YouTube video every teenager should watch
Personally, I’d impose a mandatory six months’ hard labour, followed by a long stint as a cleaner in A&E, for anyone convicted of texting while driving, and three months for people who use hand-held phones at the wheel. These cretins are consciously taking a heartless risk with the lives of others, and if reason won’t work, then fear will have to do.
But in the meantime, I think all TV channels should give primetime space to the powerfully grim Gwent police video about an airheaded, giggling teenage girl who texts while driving, and so propels herself into a world of horror, misery and lifelong remorse. It is an astonishingly effective piece of realistic film-making.

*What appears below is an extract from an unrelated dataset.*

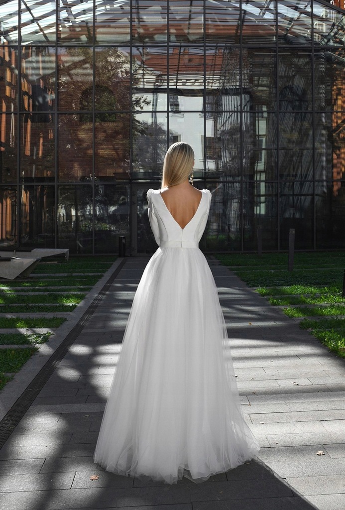 Fason sukni typu princessa, spódnica tiulowa, góra z satyny matowej, długie rękawy, zapięcie na zamek, suknia ma wszyte miski na biust r.B.

As an 18-year-old, I caused a serious road accident by my own stupidity. Thank God, I didn’t do major damage to anyone but myself. But I can tell you that this film accurately portrays the appalling speed with which normality turns to disaster and also the strange disturbing peace which can come halfway through the horror, before it starts again. Watch it on YouTube if you can. Make sure any teenager you know watches it too.
* There now seems to be an orchestrated campaign by architects against Prince Charles. Hardly a week goes by without another one attacking him. I think we should all side with the Prince. He is the nearest thing we now have to the great John Betjeman, who saved many fine buildings from being destroyed, and spoke up for beauty against barbarism. Charles may be wrong about many things, but he is right about buildings, and his interventions against ugliness have been a proper use of his influence.
These architects, all glinting efficient types who seem unable to design anything except boxes, go on about democracy. But who chose them, or the hideous and un-British styles they force on us?
* I suspect that many of those who now claim to ‘hate’ Gordon Brown really hate themselves for having voted New Labour two or three times, after being fooled by the Blair creature.
After all, why wait ten years to get so enraged with this terrible Government? Some of us knew from the start how bad it was. What will all these people do for a hate-figure if Mr Brown quits, as I think he will probably do on ‘health grounds’ before the Election?